Raw text pre-processing

Question

Raw text pre-processing

cjbayesian opened this issue 6 years ago · 6 comments

cjbayesian commented 6 years ago

Remove references
Strip special characters
Stop words
tokenize

Answer 1 · 2019-02-15T02:11:49.000Z

Perhaps use built-ins from nltk?

Answer 2 · 2019-02-15T03:58:05.000Z

Maybe better defaults with spaCy, but there probably won't be a substantive difference for what we're doing.

Answer 3 · 2019-02-15T15:01:04.000Z

@tnaumann Good thought, I just went ahead and added it to the conda environment. 7962ec3

I don't have much experience with it, but looking at the docs it seems like it is pretty straightforward to produce a processing pipeline. @beamandrew & @michaelchughes do you have a toolset in mind for the topic modeling?

Answer 4 · 2019-02-15T15:59:47.000Z

I would like for the fitted model to be compatible with LDAVis because it's fun interactive way to explore topic models, and it would be easy to put it up as a shiny app to accompany the paper:

https://github.com/cpsievert/LDAvis

So any of the packages listed on the page would be fine, though I've personally had good experience with the lda pacakge.

I know we tend to be pythonistas in ML, but what about using the tidytext package for cleaning?

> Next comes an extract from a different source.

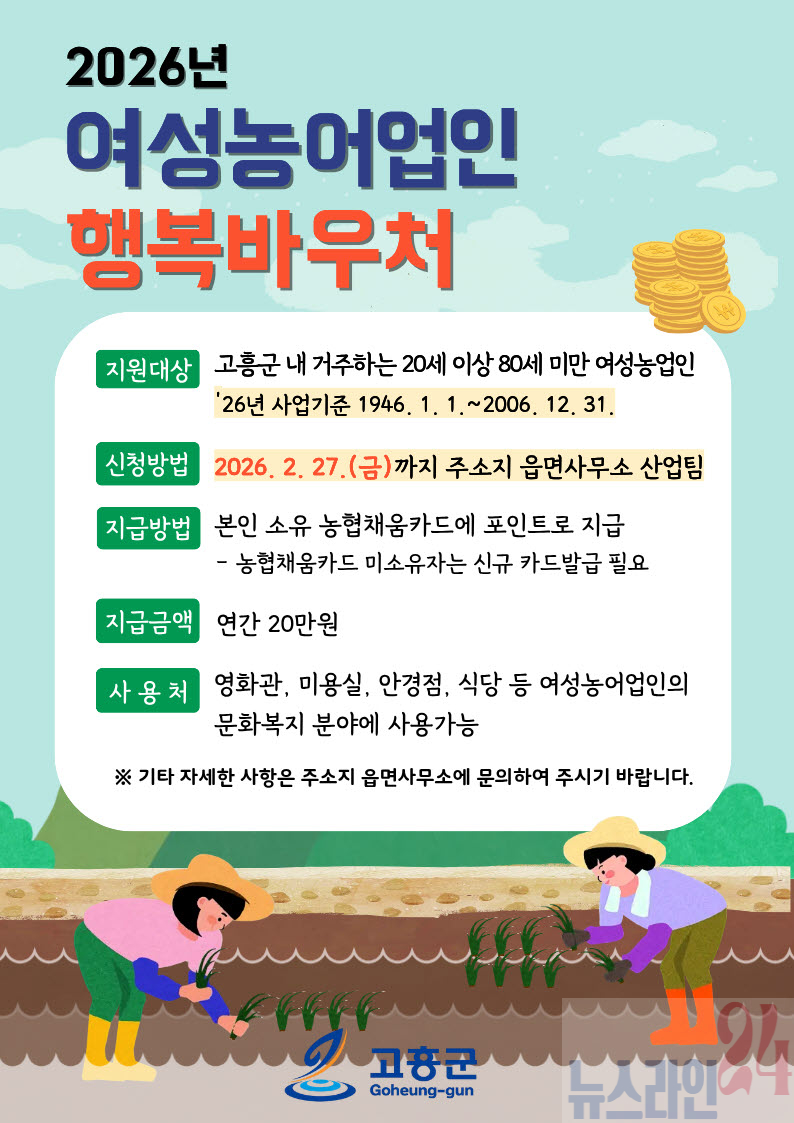 고흥군(군수 공영민)은 여성 농어업인의 문화·여가 활동을 돕기 위해 ‘2026년 여성농어업인 행복바우처 지원사업’ 신청을 오는 2월 27일까지 주소지 읍·면사무소에서 접수한다고 밝혔다.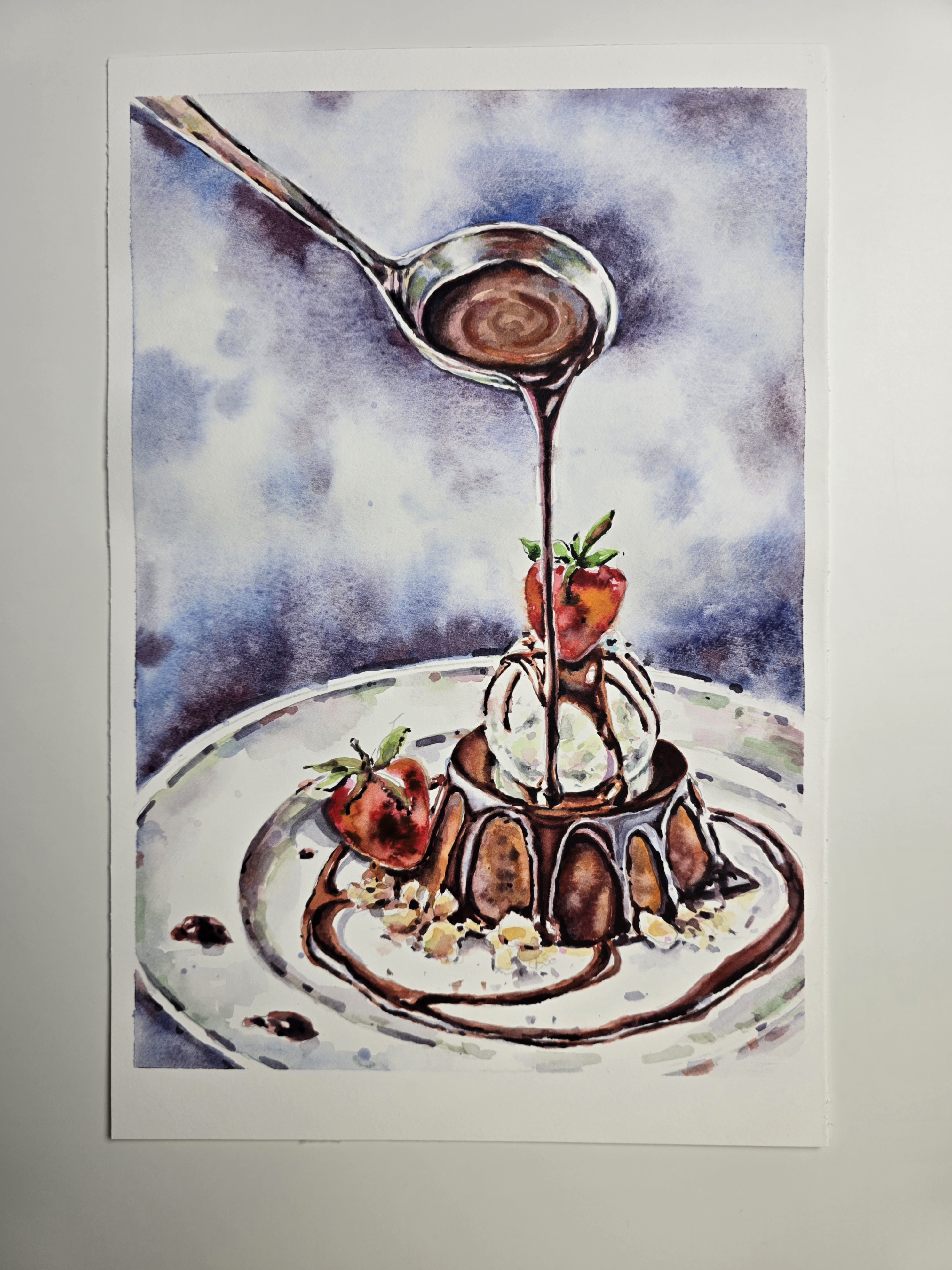 🎨This is an original watercolor painting celebrating the beauty of indulgence and quiet pleasure.

https://cran.r-project.org/web/packages/tidytext/vignettes/tidytext.html

Answer 5 · 2019-02-15T21:04:06.000Z

Yep, happy to have the topic modelers use their tool of choice. In that case, maybe the acquire and extract phases end at the creation of the well formatted and organized .txt files and associated metadata?

Answer 6 · 2019-02-17T14:50:39.000Z

Added a script to build datasets compatible with LDAvis. See https://github.com/cjbayesian/ml4h_paper_2019/blob/1dfef5e392a94a021effeff726baad8f0a78f9d8/create_r_dataset.R
I also uploaded these .rdata files to our drive folder.